The album takes a left turn with "84,000 Different Delusions," a darkly atmospheric song with cryptic, brooding lyrics and very little movement in the music compared to rest of the record. It yields perfectly to "Suicide Alley," which gathers together some of Leventhal's best guitar lines, some of Colvin's most wicked vocal phrasing, almost cinematic lyrics and some unusual production -- including the looping and altering of Shawn Pelton's drum beat into an almost hip-hop groove above Michael Rhodes' simple-yet-evasive bass line. Rules are broken on "Suicide Alley" and the risk is rewarded, from the suppression of Colvin's vocal track to the evocation and upending of hoary blues clichés in the lyrics.

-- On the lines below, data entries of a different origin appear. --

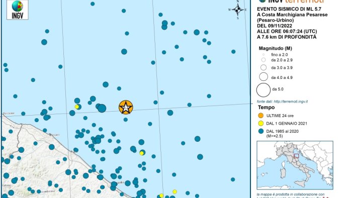 Intanto Non si ferma lo sciame sismico con epicentro nella zona dell'adriatico davanti a Pesaro e Fano. Secondo il sito dell'Ingv, ci sono state altre cinque scosse superiori a magnitudo 2 in una ventina di minuti, dopo quella di 3.1 delle 8.15. E il capo della Protezione Civile Fabrizio Curcio ha chiarito: "è stato "un evento importante" ma "non si registrano crolli". "non si attende un evento tsunami" perché con "il valore dell'evento a mare" del livello di quello che si è verificato poco dopo le 7 di oggi "in genere non produrre onde tsunami" ma comunque "è partito il sistema allertamento internazionale" con i paesi limitrofi.
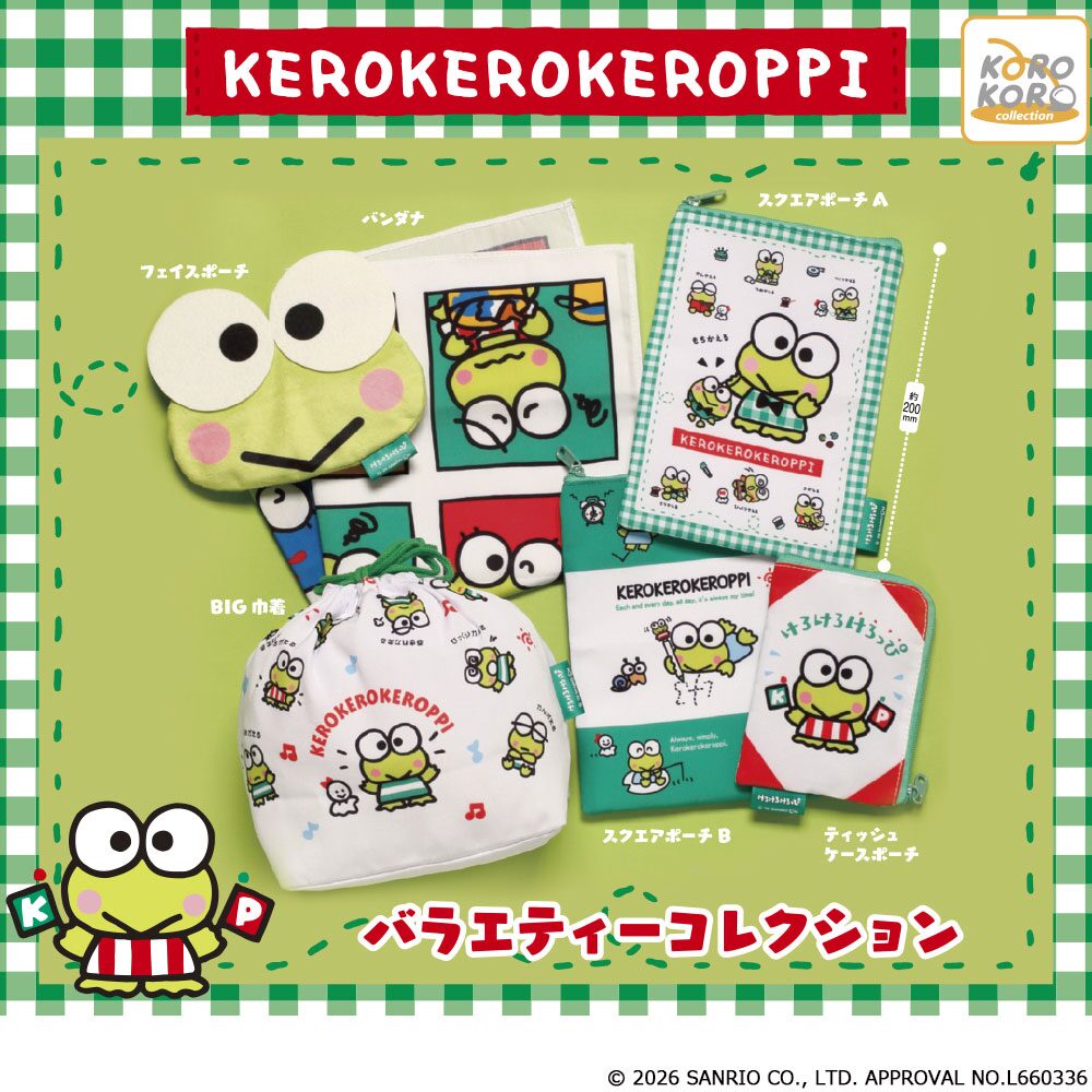 けろけろけろっぴが主役のバラエティーコレクションが登場。フェイスポーチやスクエアポーチ、巾着、バンダナなど、日常使いしやすいアイテムがラインナップされた実用性の高いシリーズです。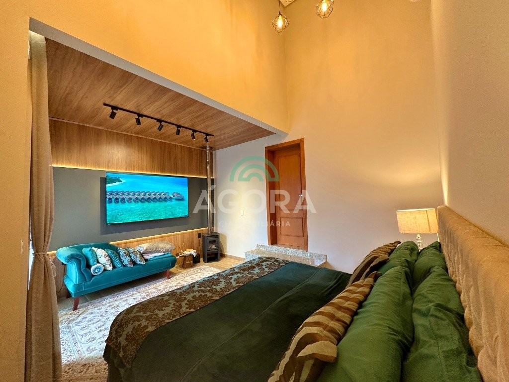 Agora cia imobiliária vende: sobrado em condomínio com 200m² privativos; 2(dois) dormitórios, sendo 1(uma) suíte máster com: 2(dois)closets, banheira de hidromassagem, lareira e sacada; escritório que pode ser transformado em um banheiro para segunda suíte; living para 2(dois) ambientes com lareira e cozinha integrada; espaço gourmet com lareira. O imóvel fica semimobiliado, com todos os móveis planejados e eletros embutidos, 5 split´s. Condomínio com infra excelente: 2(dois) salões de festas, playground, academia, quiosque com churrasqueira, quadra de esporte e segurança 24h; localizado em região privilegiada, a poucos minutos do parkshopping e br-116.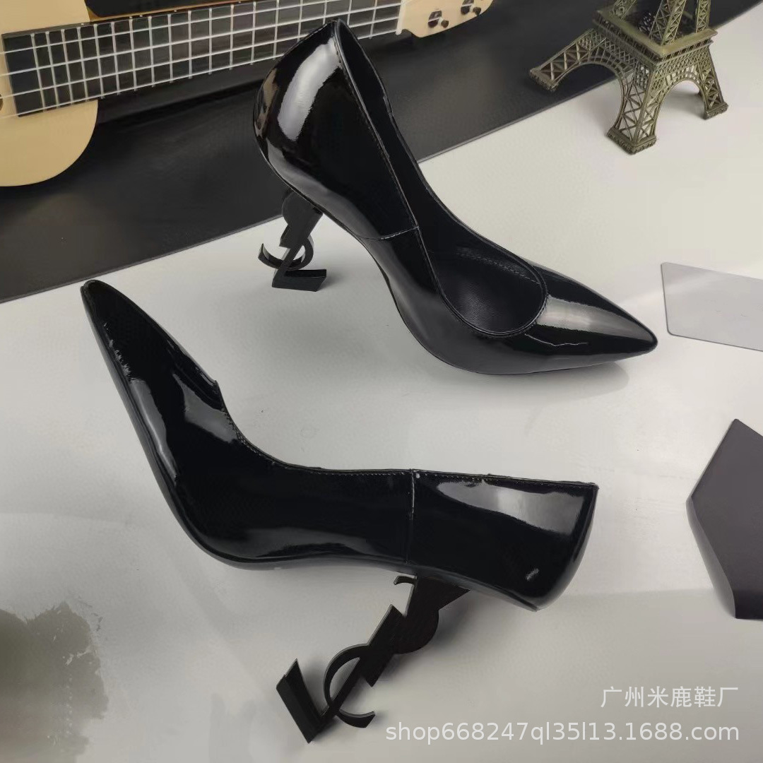 프렌치 스타일 YS 싱글 레이어 슈즈 블랙 에나멜 가죽 신상품 사이버 연예인 모든 경기 편지 얕은 입 뾰족한 사교계 하이힐 여성용스토어 가기

She makes it work when she sings, "I wasn't born I was spat out at a wall/And no one even knew my name/The sun hatched me out, cradle and all/On the corner of First and Insane."

The last two songs make one wonder about the sequencing of this album, with the wry "New Thing Now" and the bouncing kiss-off of "Nothin on Me" downright disconcerting after the darkness of the previous two tunes. Well, the feel-good chug of "Nothin on Me" may seduce many as an album closer, but "New Thing Now" is the gem, and deserves better than its placement in the album's no-man's-land. Skipping back and forth between skewers of pop music icons and Colvin's thoughts on some unknown, unnamed love interest, "New Thing Now" drifts off in an unforgettable fashion -- with Colvin singing (and trailing off into a whisper) "And it feels so good to doubt you/I could almost live without you/But not quite . . . not quite . . . not quite." This album is one of the year's best, in my opinion.